Notes from "Scene & Structure" with Pearl Luke

We don't often hear anyone say, I'm not going to use a subject and a verb in my sentence, nor an object or clause either - it's all too formulaic. And punctuation! That's really obvious. I'm striving originality. And yet it is common to hear emerging writers dismiss story structure for the same reason - that it is too formulaic. When their stories sag, or fall short of their expectations, they can't understand why.

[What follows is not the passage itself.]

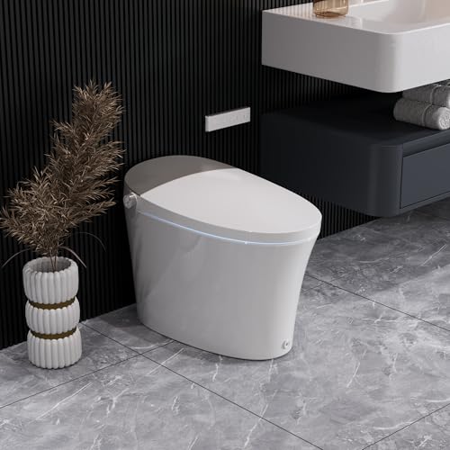100% Touch-Free Luxury: Embrace next-generation hygiene technology - The lid automatically rises upon your approach and initiates self-cleaning flush cycles after use. Indulge in spa-level cleansing with immediate warm water flow and comfortable warm air drying.

Yet scene and structure have been the basic building blocks of fiction since Aristotle, and remain as important as ever. Knowing the purpose of structural parts and being able to use them effectively prevents writing problems and helps to resolve those that do arise; skillfully used, a structural framework serves the same purpose as the frame of a house - it provides the necessary form and strength that prevents all the beautiful, unique bits from falling in on themselves.

What is Structure?
  • Plot: chronological events based on cause & effect
  • Structure: the physical organization of the piece
  • Front to back, back to front, ends to middle
  • Beginning, middle, end
  • Plot points (change)
  • Chapters, sections
  • Scene/sequel (action scene/reaction scene)
  • Cause/effect
How do we create structure?
  • Scenes for real-time action/sequels for emotion, thought, back story
  • Beginning: open as close to change as possible.
  • Character’s goal creates a story question.
  • End: as soon as possible after question is answered
  • Pacing: control through scene/sequel and sound; short vowels (aa, e, ee, i, o, u) shorter sounds speed things up; long vowels A, I, O, U, Y slow things down.

PEARL LUKE is the author of two critically acclaimed novels: Madame Zee and Burning Ground, both published by HarperCollins Canada. Burning Ground was a Globe and Mail notable book of the year. It won the Commonwealth Prize for Best First Novel in the Canada/Caribbean region and was short-listed for the Chapter/Robertson Davies Prize, the Georges Bugnet award, and the Canadian Booksellers’ Libris award.

In 2006, Madame Zee was a book club pick for Chatelaine and Flare magazines. Pearl Luke mentors writers online for UBC’s Booming Ground program and privately from her website. She was writer-in-residence for the city of Taipei, Taiwan, and currently teaches writing for DeVry University Online. She is at work on her third novel.